◆ Supplied records
────────
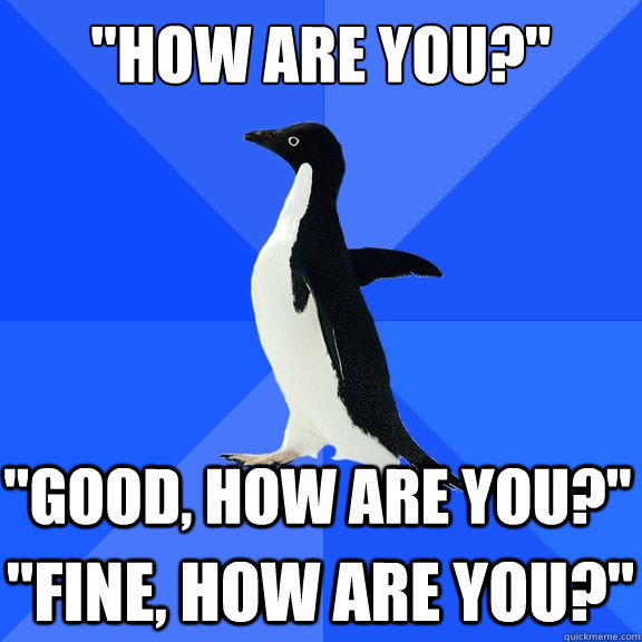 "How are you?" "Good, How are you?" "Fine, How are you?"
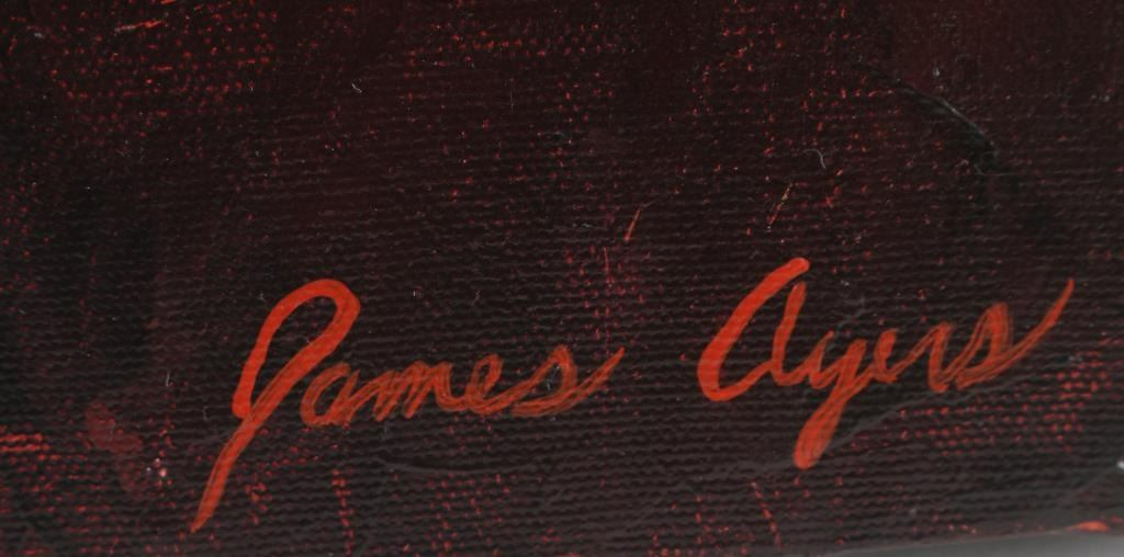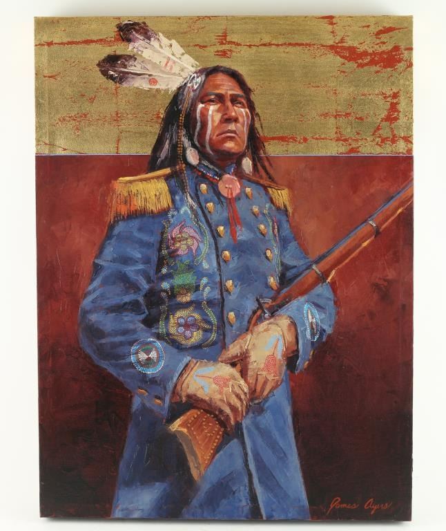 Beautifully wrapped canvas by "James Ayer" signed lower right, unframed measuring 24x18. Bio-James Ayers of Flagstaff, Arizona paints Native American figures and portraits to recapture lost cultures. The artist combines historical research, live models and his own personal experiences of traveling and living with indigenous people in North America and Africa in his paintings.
────────
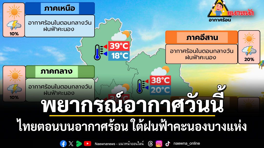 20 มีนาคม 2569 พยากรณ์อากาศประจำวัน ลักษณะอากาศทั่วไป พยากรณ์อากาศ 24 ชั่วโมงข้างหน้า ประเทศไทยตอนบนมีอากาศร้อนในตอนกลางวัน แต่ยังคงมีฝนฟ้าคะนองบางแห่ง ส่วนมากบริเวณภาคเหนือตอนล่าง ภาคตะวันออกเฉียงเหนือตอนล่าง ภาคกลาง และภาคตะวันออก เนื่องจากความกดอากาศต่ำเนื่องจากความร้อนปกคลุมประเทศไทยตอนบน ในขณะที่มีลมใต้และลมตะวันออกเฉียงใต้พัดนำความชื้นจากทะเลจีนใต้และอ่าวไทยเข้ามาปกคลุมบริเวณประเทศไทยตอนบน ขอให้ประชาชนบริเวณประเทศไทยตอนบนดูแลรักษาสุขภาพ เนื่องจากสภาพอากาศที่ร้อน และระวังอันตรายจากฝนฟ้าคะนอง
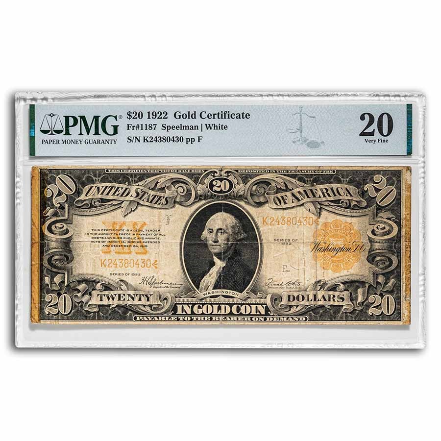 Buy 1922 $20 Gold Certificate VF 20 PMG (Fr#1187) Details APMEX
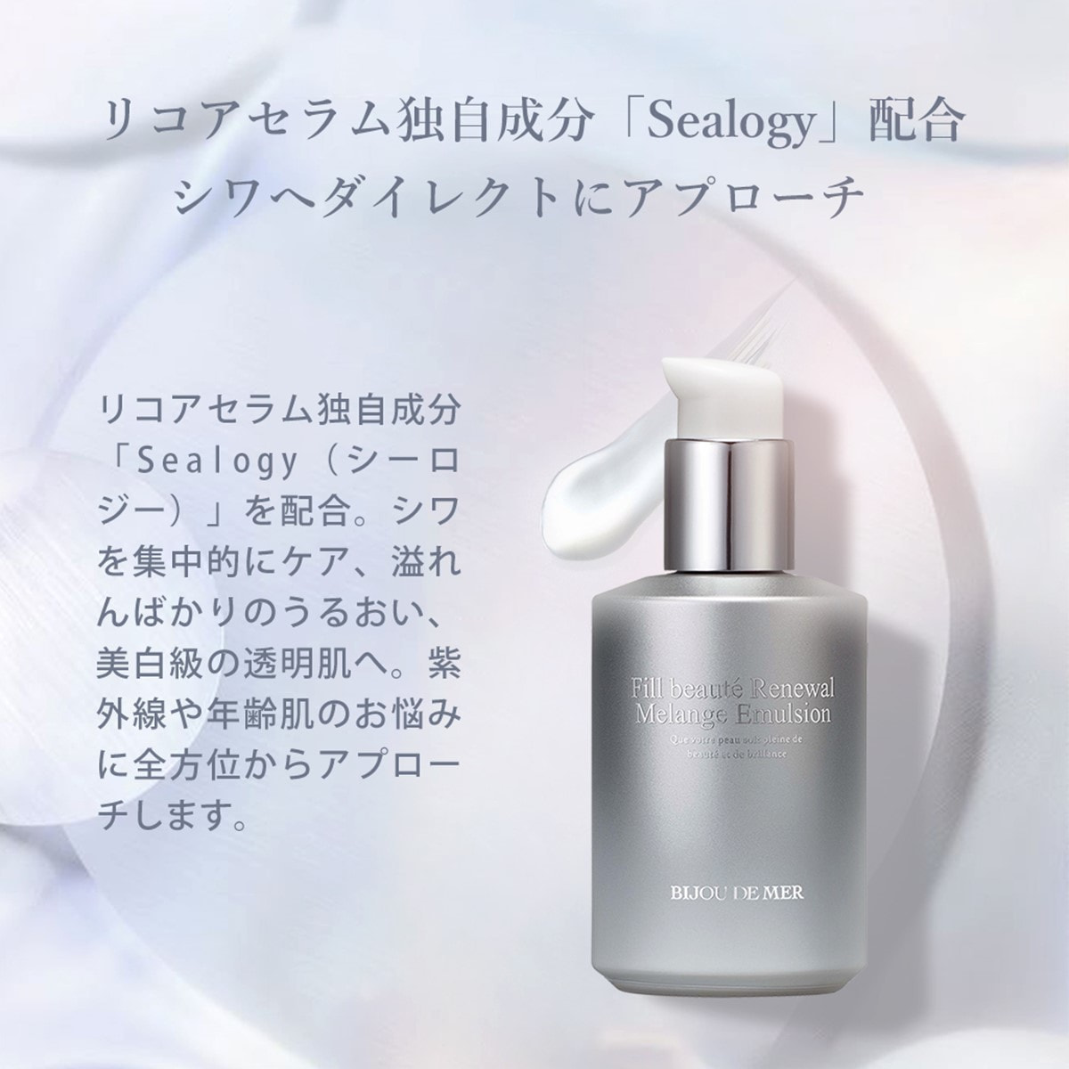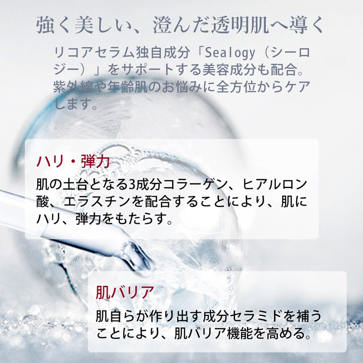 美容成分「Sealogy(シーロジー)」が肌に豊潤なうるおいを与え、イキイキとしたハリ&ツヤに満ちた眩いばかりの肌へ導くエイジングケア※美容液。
────────
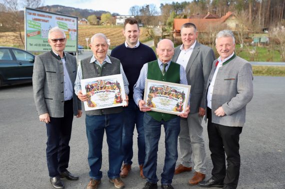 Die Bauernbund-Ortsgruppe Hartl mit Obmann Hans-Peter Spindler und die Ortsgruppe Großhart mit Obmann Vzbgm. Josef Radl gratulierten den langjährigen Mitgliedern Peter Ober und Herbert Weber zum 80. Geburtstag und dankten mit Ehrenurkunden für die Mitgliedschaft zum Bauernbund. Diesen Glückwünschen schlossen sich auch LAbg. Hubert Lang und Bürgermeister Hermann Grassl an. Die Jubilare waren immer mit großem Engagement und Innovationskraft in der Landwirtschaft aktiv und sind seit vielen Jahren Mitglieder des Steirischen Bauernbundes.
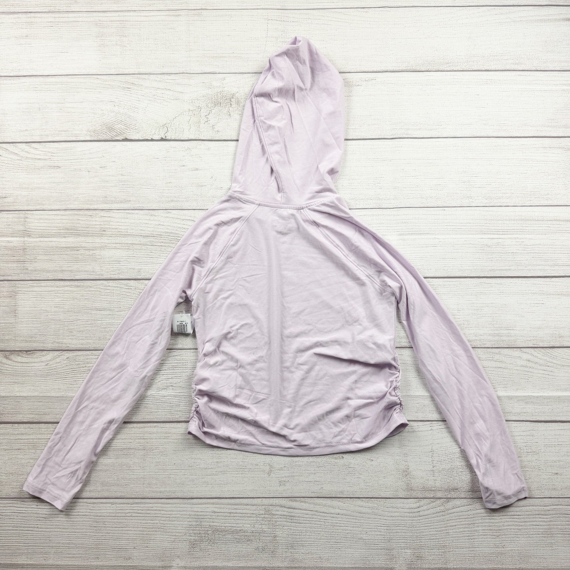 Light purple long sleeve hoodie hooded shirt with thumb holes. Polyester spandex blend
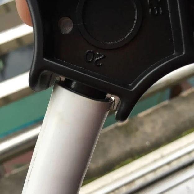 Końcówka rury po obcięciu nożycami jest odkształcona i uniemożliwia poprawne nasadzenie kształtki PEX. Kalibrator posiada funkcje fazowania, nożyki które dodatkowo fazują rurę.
────────
◆ Task to complete
From the listing above, please give again the lines that begin with the line holding "Buy 1922 $20" and go on through the line holding "美容成分「Sealogy(シ", exactly, both ends included, minus any picture.

◆ Answer section
 Buy 1922 $20 Gold Certificate VF 20 PMG (Fr#1187) Details APMEX
 美容成分「Sealogy(シーロジー)」が肌に豊潤なうるおいを与え、イキイキとしたハリ&ツヤに満ちた眩いばかりの肌へ導くエイジングケア※美容液。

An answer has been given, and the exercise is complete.